A large number of sites have experimented with using the Web to create discussion tools, such as Hotwired, WIT and the National Performance Review. Gateways allow access to established collaboration tools such as Lotus Notes and DECnotes. Experience from designers and users of these and similar systems will be essential in the development of standards in this area.
The MIT Laboratory for Computer Science and Artificial Intelligence Laboratory are jointly hosting a workshop in collaboration with W3C titled "Semantics of Wide-Area Collaboration". This will bring together a small group of leading experts in the field. With the objective of identifying the key extensions that will enable an increase in wide-area collaborative applications comparable with that of Web publication applications.
This workshop will take place 11-12 September 1995 at MIT. Please contact hallam@w3.org or kmm@w3.org for details.

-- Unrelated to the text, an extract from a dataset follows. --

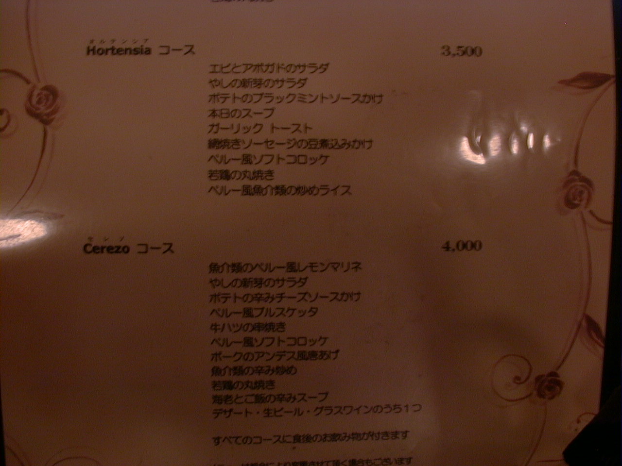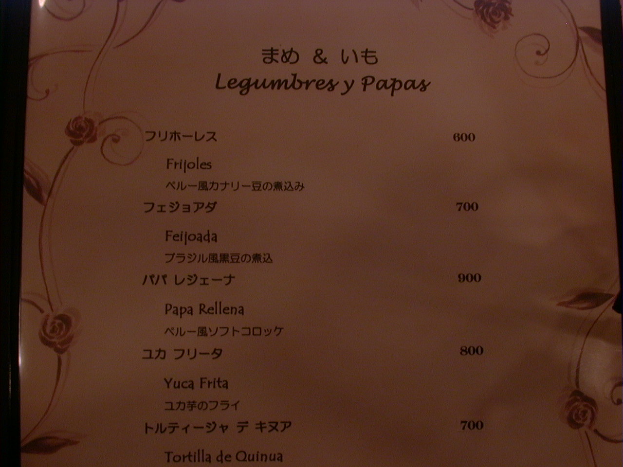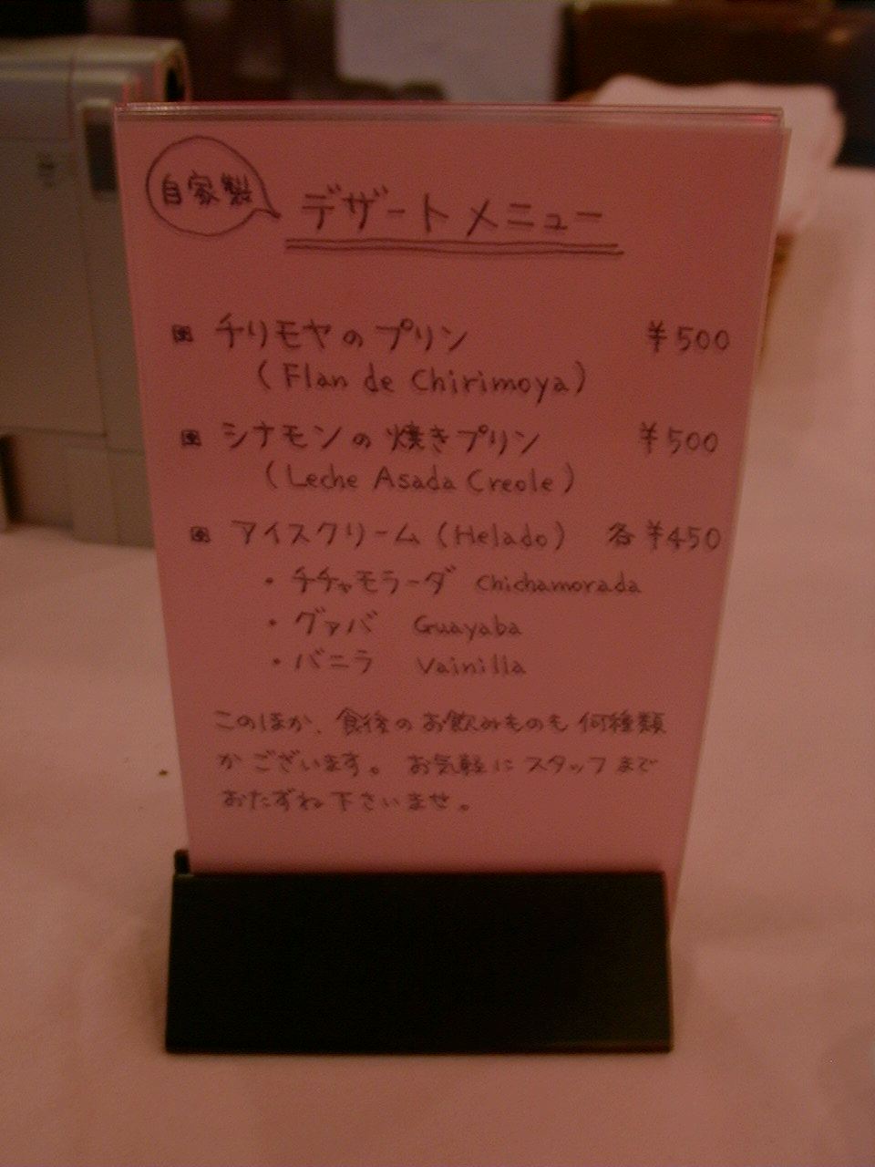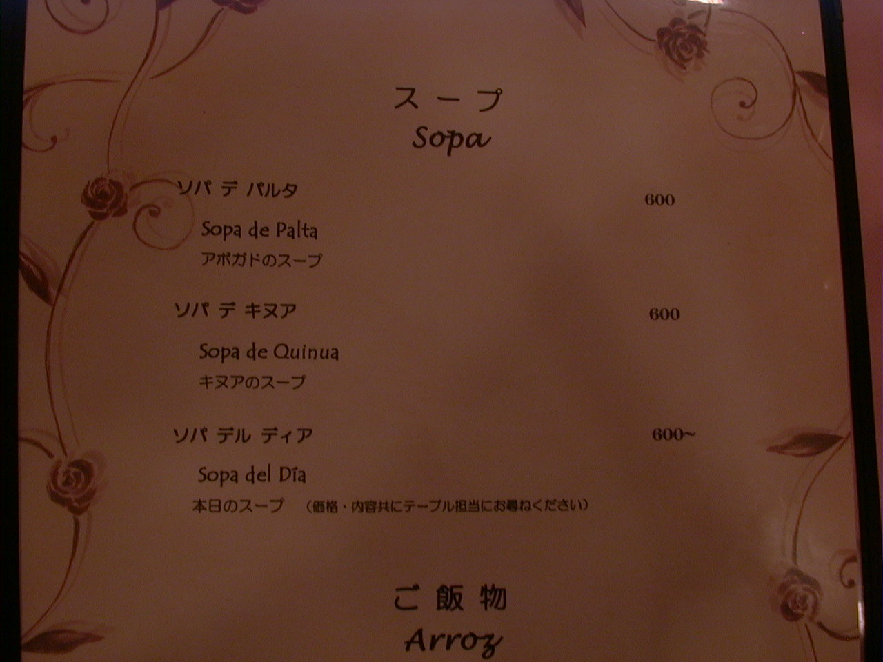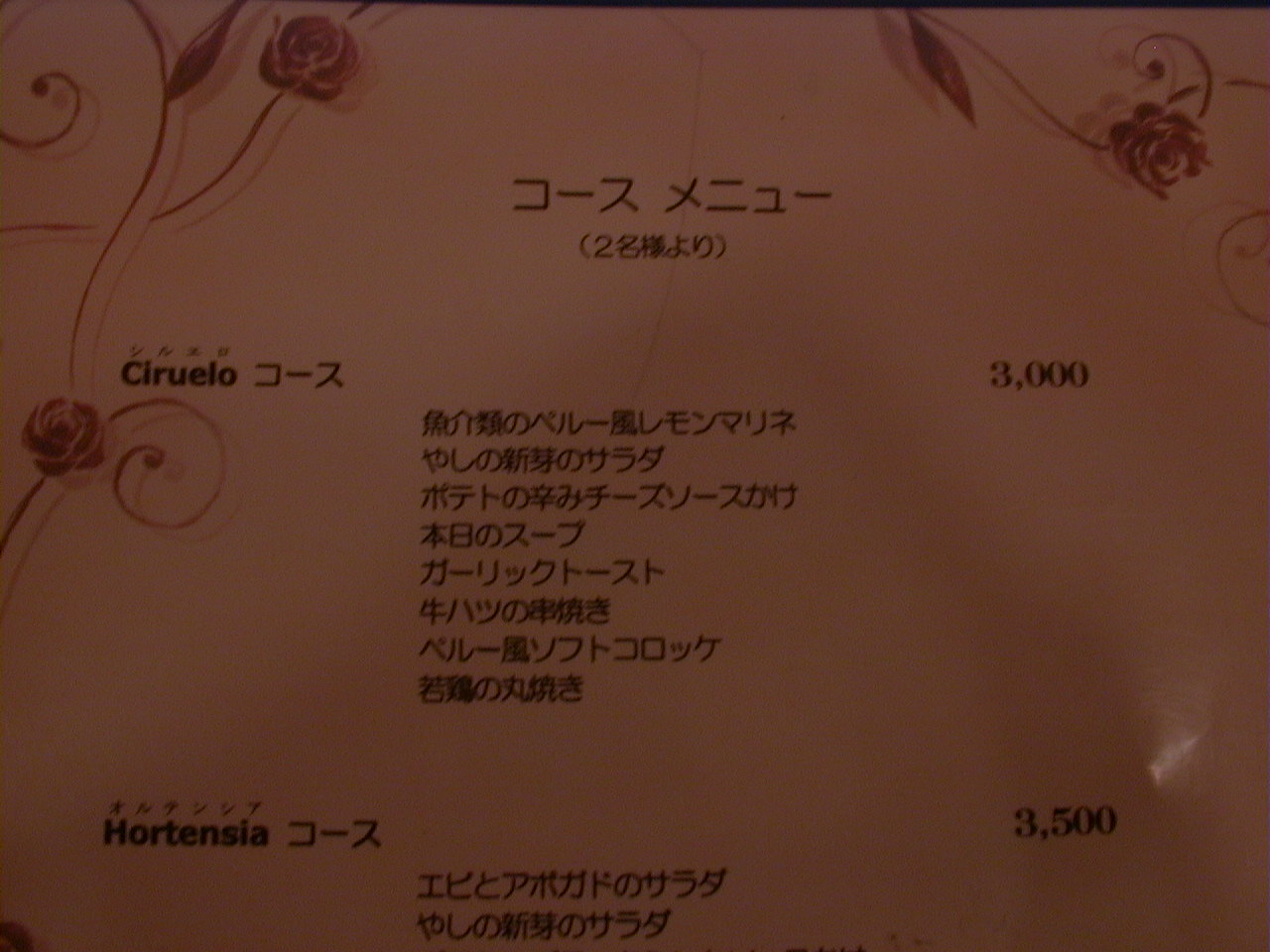 2000/9/30: クリオールのメニュー

Dave Raggett is on secondment from HP Labs. He is editor of the HTML 3.0 specification, and developed the Arena browser as a proof of concept demonstrator for ideas in HTML 3.0. He is the co-chair of the IETF working group for HTTP, which he set up in December 1994. Earlier that year he helped initiate work on extending the Web to support distributed virtual reality. He is also working on exportable/patent free schemes for authentication and micropayments, and HTML style sheets with the ability to download fonts over the Web. He was educated in England and obtained his doctorate at the University of Oxford.
For more information on individual team members and their work, please see People of the W3C.
Notice that other team members are being sought at W3C-MIT and at INRIA. If you are interested in working with W3C-MIT, see our recruiting information.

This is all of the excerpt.